Les conséquences d’un hivernage négligé
L’hivernage est souvent négligé par les particuliers et insuffisamment mis en avant par les professionnels, voire considéré comme une contrainte, alors qu’il est essentiel pour la bonne réouverture du bassin.
Les principaux problèmes rencontrés au moment de la réouverture du bassin sont liés à :
- Des masses filtrantes encrassées, non nettoyées alors qu’elles accumulent graisses et biofilm, réduisant l’efficacité du filtre et nécessitant davantage de produits au redémarrage.
- Une eau verte et des incrustations de calcaire (sur le revêtement, dans les canalisations et le filtre), conséquences d’une stagnation prolongée et d’un traitement insuffisant.
- Un revêtement endommagé, souvent à cause de galets de chlore laissés dans les skimmers, provoquant une surconcentration locale en chlore, un pH local très bas entrainant également la détérioration du panier ou des canalisations.

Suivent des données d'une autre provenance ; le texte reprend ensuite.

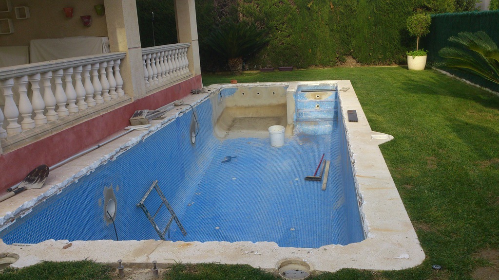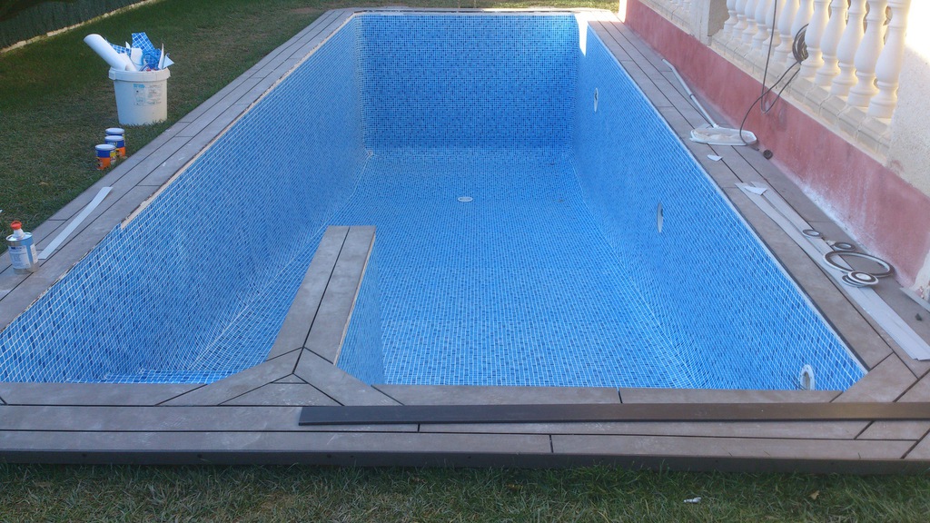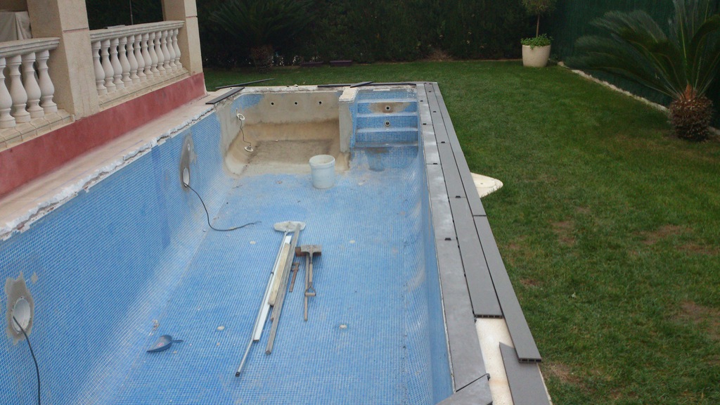 Un ejemplo de rehabilitación y reforma de una piscina con revestimiento vitreo que tenia fugas de agua, donde se le ha instalado una lámina armada para asegurar la impermeabilización total del agua de la piscina.

Des conséquences loin d’être anodines pour le professionnel qui va devoir passer davantage de temps en intervention, et peut-être même revenir plusieurs fois jusqu’à récupération complète de l’eau, avec une incidence sur l’image de compétence du technicien et celle de l’entreprise.
Les étapes et actions indispensables pour un hivernage réussi
La première étape d’un bon hivernage consiste en une inspection complète de l’installation : bassin, revêtements, équipements et pièces à sceller, etc. pour vérifier tous les points de défaillance potentiels avant de traiter l’eau.

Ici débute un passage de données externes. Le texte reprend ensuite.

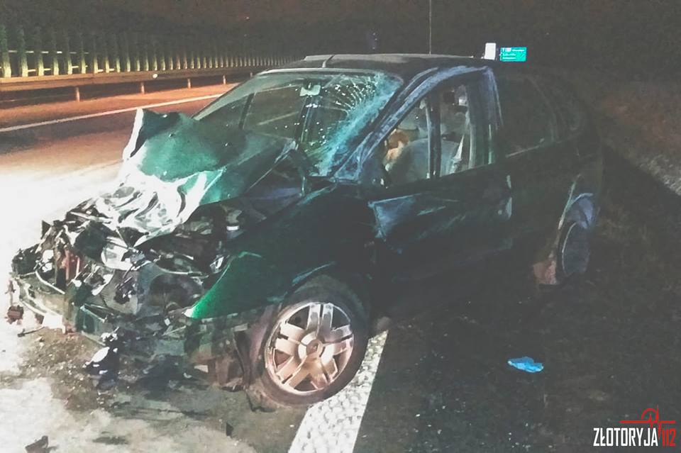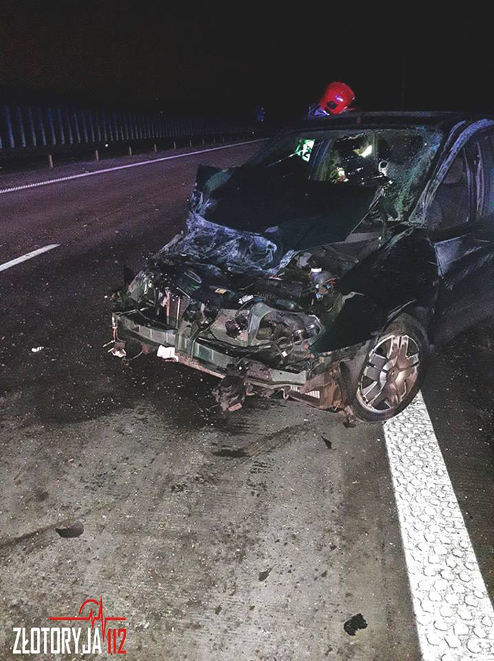 Zdarzenie miało miejsce na odcinku autostrady A4 pomiędzy węzłami Lubiatów i Chojnów. Na ratunek poszkodowanemu natychmiast przybyli strażacy z Jednostki Ratowniczo-Gaśniczej w Złotoryi, ochotnicy z OSP Zagrodno oraz zespół ratownictwa medycznego. Kierujący samodzielnie wydostał się z rozbitego pojazdu, jeszcze przed przybyciem służb ratunkowych. Strażacy zabezpieczyli teren działań oraz ze względów bezpieczeństwa odłączyli akumulator w samochodzie, a także usunęli z jezdni rozlane płyny eksploatacyjne.

1. Le contrôle du local technique avant l’hiver :
Nos experts préconisent l’inspection de tous les équipements susceptibles de ne pas supporter le froid et effectuer les nettoyages ou actions correctives nécessaires.
- Le nettoyage du filtre est une étape clé :
– Pour un filtre à sable, verser directement un produit nettoyant dans la cuve et laisser agir pendant le reste de l’inspection.
– Pour un filtre à cartouche, la ou les cartouches doivent être retirées et mises à tremper.
En cas d’eau très dure, laisser le produit détartrant agir toute une nuit pour plus d’efficacité.
Si le filtre est régulièrement entretenu, le temps d’action du produit sera plus rapide, avec un gain de temps et d’efficacité pour le professionnel et des économies en eau, énergie et produit pour le client. C’est un scénario gagnant-gagnant. - Les appareils de traitement : une attention particulière doit être portée aux appareils de traitement, notamment les sondes liquides non gélifiées qui, en cas de risque de gel, doivent être démontées, mises dans une solutions de stockage et conservées à l’abri.
- Les produits chimiques : c’est également le bon moment pour vérifier la qualité du stockage des produits chimiques, lesquels sont souvent entreposés de manière inappropriée dans les locaux techniques ; par exemple, seaux contenant des produits qui ne correspondant pas à l’étiquetage ou contenant des produits incompatibles (chlore stabilisé et non-stabilisé), seaux mal fermés susceptibles de dégazer pendant l’hiver, etc.
2. Vérifier les équipements du bassin
Une fois le local technique préparé pour l’hivernage, il faut s’occuper du bassin.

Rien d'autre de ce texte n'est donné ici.